Well, I'll be...A furry that thought he wasn't human, who'd have thought, eh?  If there's a single furry here that doesn't think or wish he's part animal, I'll surgically remove ribs and bite my own balls off. Heck, I even have a tailbone, how much proof you need? And a furry face...


----------



## Thatch (Dec 14, 2008)

Ren-Raku said:


> Well, I'll be...A furry that thought he wasn't human, who'd have thought, eh?  If there's a single furry here that doesn't think or wish he's part animal, I'll surgically remove ribs and bite my own balls off. Heck, I even have a tailbone, how much proof you need? And a furry face...



Should I get the scalpel then?  And will you bite them of one by one, or both at once?


----------



## Ren-Raku (Dec 14, 2008)

Tell me you've never wished with a straight face...


----------



## Thatch (Dec 14, 2008)

Ren-Raku said:


> Tell me you've never wished with a straight face...



Not even a twitch. Why the hell would I want to be part animal?

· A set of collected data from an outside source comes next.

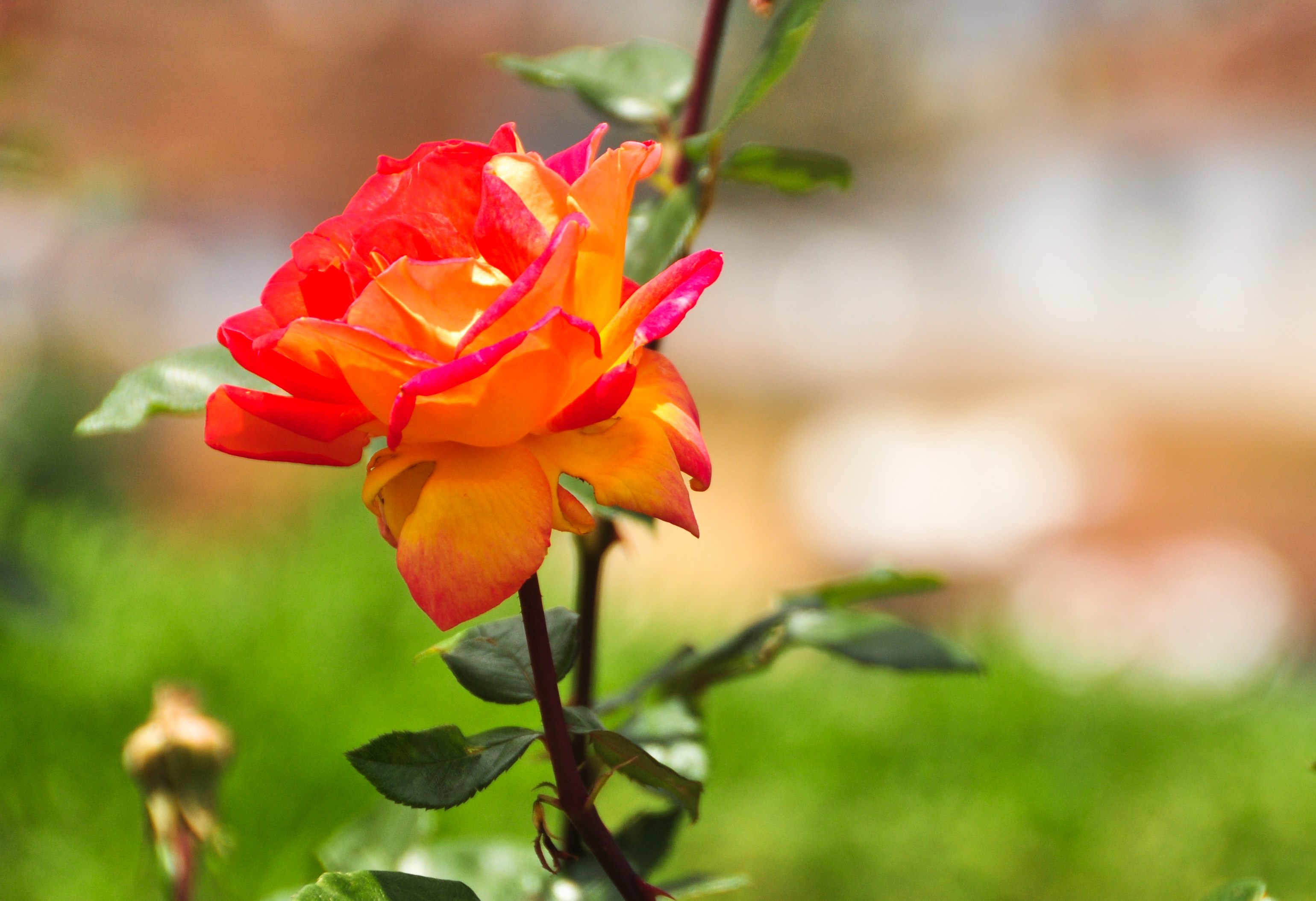 Madame Dieudonné Origin: Bred by Francis Meilland (France, 1947). Class: Hybrid Tea / Large-Flowered. Bloom: Red blend, yellow reverse. Strong fragrance. 30 petals. Average diameter 5". Large, double (17-25 petals), high-centered bloom form. Blooms in flushes throughout the season.
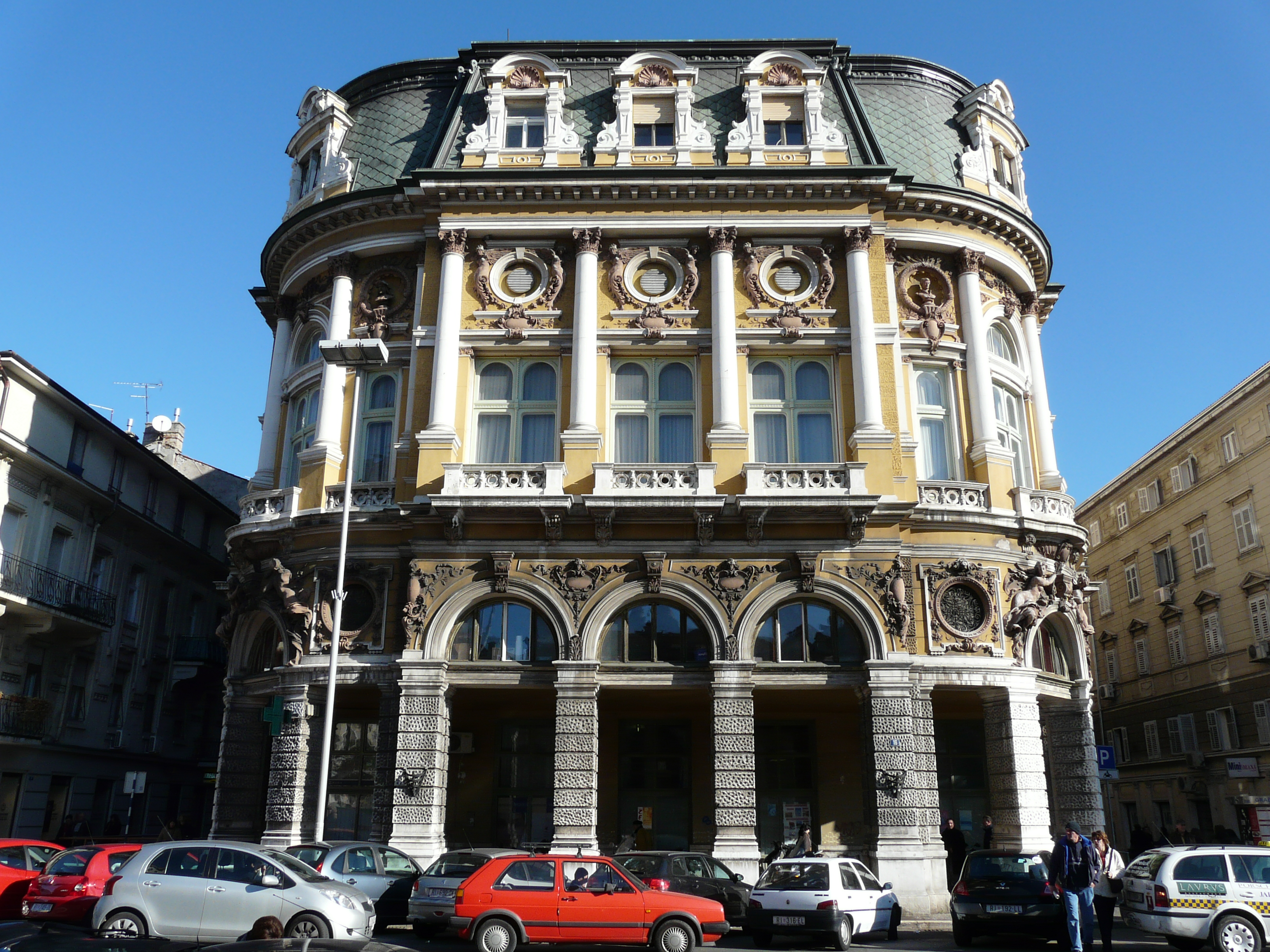 Palace Modello in Rijeka (City Library), Croatia.
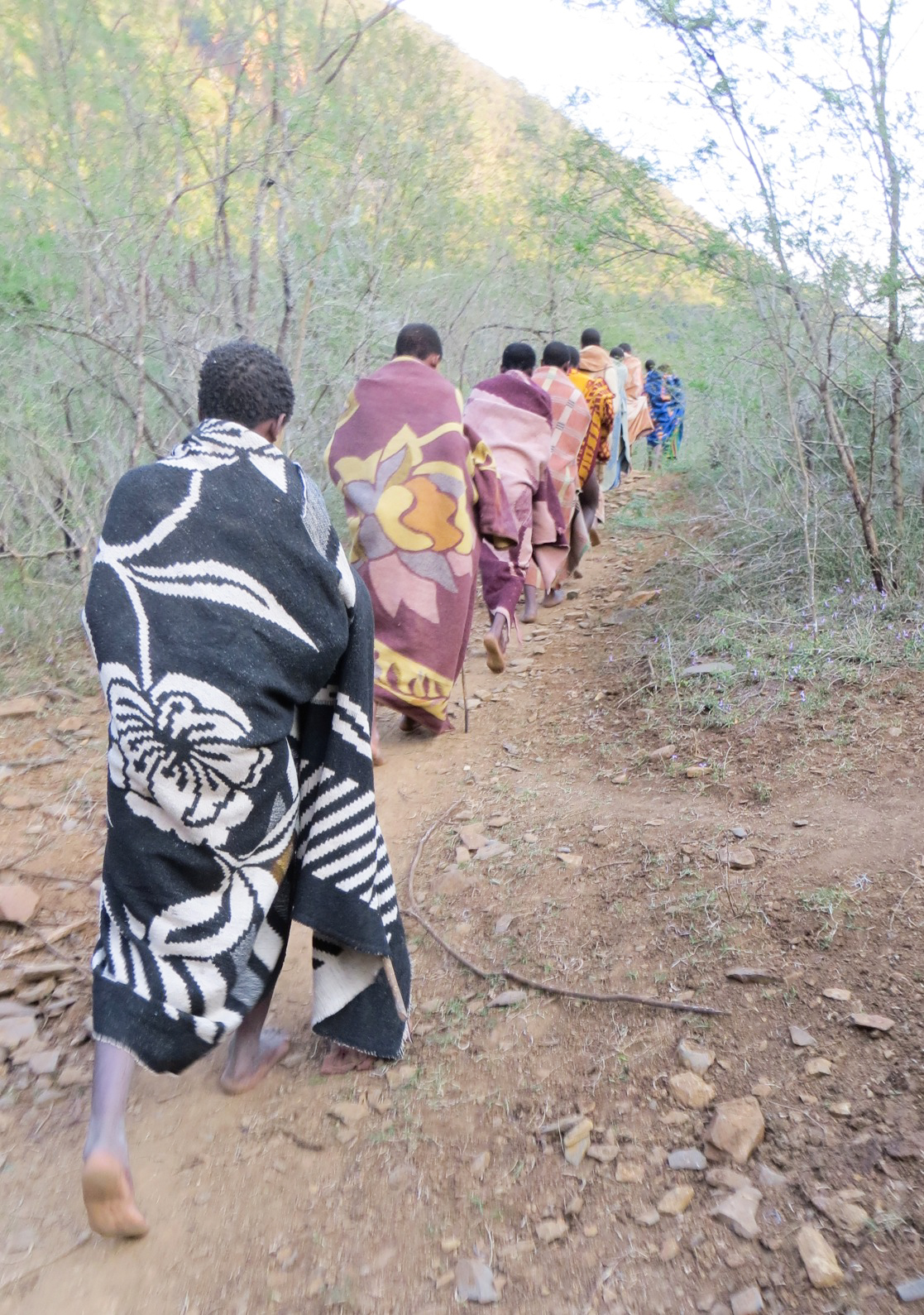 Abakwetha walking through a forest during their Ulwaluko.

Being attracted to such, that's another story, but you weren't talking about that


----------



## Ren-Raku (Dec 14, 2008)

O_O Beastiality...


----------



## Thatch (Dec 14, 2008)

Ren-Raku said:


> O_O Beastiality...



If it was intelligent... >.>
I wouldn't want to screw anything I couldn't talk with before and afterwards...


----------



## Ren-Raku (Dec 14, 2008)

Err, no offence meant, but that's rather weird...Perhaps you're just overly horny. *lies down on operating table*


----------



## Thatch (Dec 14, 2008)

Ren-Raku said:


> Err, no offence meant, but that's rather weird...Perhaps you're just overly horny. *lies down on operating table*



Supressed libido, I guess.

But in all seriousness, I wouldn't screw an animal...


----------



## Ren-Raku (Dec 14, 2008)

Thank god for that. Unless you were one yourself, it wouldn't be worth it ^_^


----------



## Thatch (Dec 14, 2008)

Ren-Raku said:


> Thank god for that. Unless you were one yourself, it wouldn't be worth it ^_^



Yeah, and I mean what I said, I don't want to screw anything I can't talk with before and after, which means a sentient, sapient, conscious, sane and willing being. Well, and a female obviously.


----------



## Ren-Raku (Dec 14, 2008)

That is true. I don't believe that juat having sex for the sake of having sex is right. Sex is a way of showing love for someone.


----------



## Thatch (Dec 14, 2008)

Ren-Raku said:


> That is true. I don't believe that juat having sex for the sake of having sex is right. Sex is a way of showing love for someone.



Hehe, there's no moral reason for me in that.
I'm just antisocial and apprehensive towards physical contact, and I doubt I could do it with an accidental person... or animal. So it would have to be someone emotionally close.
Plus, STD and accidental pregnacies. Do not want.


----------



## Ren-Raku (Dec 14, 2008)

Hehe, fair enough.


----------



## ZiggyShadowDust (Dec 14, 2008)

Male and bi, with a lean towards females.


----------



## Mr Fox (Dec 14, 2008)

I'm male i'm bi, i can't make my mind up but i will do soon though... by flipping a coin.


----------



## Ren-Raku (Dec 14, 2008)

Mr Fox said:


> I'm male i'm bi, i can't make my mind up but i will do soon though... by flipping a coin.



It will land on its edge.


----------



## makmakmob (Dec 14, 2008)

I'm not sure I qualify as bisexual, but I'm not entirely straight. Having said that, a great deal of psychologists and psychiatrists observe that there is a 'spectrum', as opposed to fixed orientations, and I guess I'm more on the straight side. 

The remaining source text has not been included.